Always New Mistakes

July 20, 2009

Scalability issues for dummies

Filed under: Business, Technology — Tags: , , , , , , — Alex Barrera @ 2:34 pm

Every once in a while I get people asking me what’s taking me so long to open my startup Inkzee to the public. They also ask me what exactly have I been doing as the web seems exactly the same. I normally answer that things aren’t easy, that it takes time, specially if you are alone, like I am. After a while I end up explaining my problems with scalability and that’s the point where people just can’t follow you. I’m going to explain here what are scalability problems and how deep the repercussions are for a small company.

Most web applications, like Inkzee, Facebook, Twitter, … are made of 2 parts. What we, the tech nerds, call frontend and backend. The frontend is the part of the application that’s exposed to the users, that is, the user interface (UI), the emails, the information that is shown. All that UI is a mix of different programming codes, let it be PHP, javascript, html, etc.
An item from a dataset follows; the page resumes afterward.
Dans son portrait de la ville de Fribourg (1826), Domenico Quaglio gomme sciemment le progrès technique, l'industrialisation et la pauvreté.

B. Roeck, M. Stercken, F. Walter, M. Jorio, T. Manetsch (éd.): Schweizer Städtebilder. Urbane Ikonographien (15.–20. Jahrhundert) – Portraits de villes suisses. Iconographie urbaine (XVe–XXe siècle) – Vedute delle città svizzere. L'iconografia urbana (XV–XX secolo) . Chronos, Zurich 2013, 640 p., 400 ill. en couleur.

The frontend is in charge of drawing the UI on the user’s screen and to display all the information the user is expecting from the application. But this information has to come from somewhere, well, that’s the backend.

concentro-rackable-data-center

The backend are all the programs and software applications that run behind the scenes and that are in charge of generating, maintaining and delivering the information the frontend displays to the user. The backend can be very homogeneous or very heterogeneous, but it’s normally comprised of 2 parts, the database (where the information and data is stored) and the software that deals with that database, does the data crunching and connects this to the frontend.
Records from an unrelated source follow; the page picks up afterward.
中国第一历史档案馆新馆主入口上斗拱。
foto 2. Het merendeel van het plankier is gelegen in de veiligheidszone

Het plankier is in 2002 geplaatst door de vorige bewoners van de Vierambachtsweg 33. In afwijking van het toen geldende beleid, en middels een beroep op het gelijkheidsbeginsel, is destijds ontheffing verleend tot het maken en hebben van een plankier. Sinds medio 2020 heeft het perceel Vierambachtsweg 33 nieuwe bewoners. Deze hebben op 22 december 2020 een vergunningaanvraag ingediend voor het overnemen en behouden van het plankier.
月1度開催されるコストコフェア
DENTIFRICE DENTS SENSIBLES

Now, some web applications have a barebone backend, very simple and light weighted. Normally some software that gets what the user inputs on the interface and stores it in the database and viceversa, retrieves it from database and shows it to the user. Other web applications have an extremely complex backend (i.e Twitter, Facebook, …). These not only manage the data retrieval, but have to do really complex operations with the data. Not only complex, but very expensive operations in terms of computational power. For example, each time a user uploads a picture to Facebook follows this path:

  • The picture is stored in a specific hard drive. The backend has to determine which hard drive corresponds to that user (yes, there are multiple hard drives and each one is assigned to a bunch of users so the load is distributed).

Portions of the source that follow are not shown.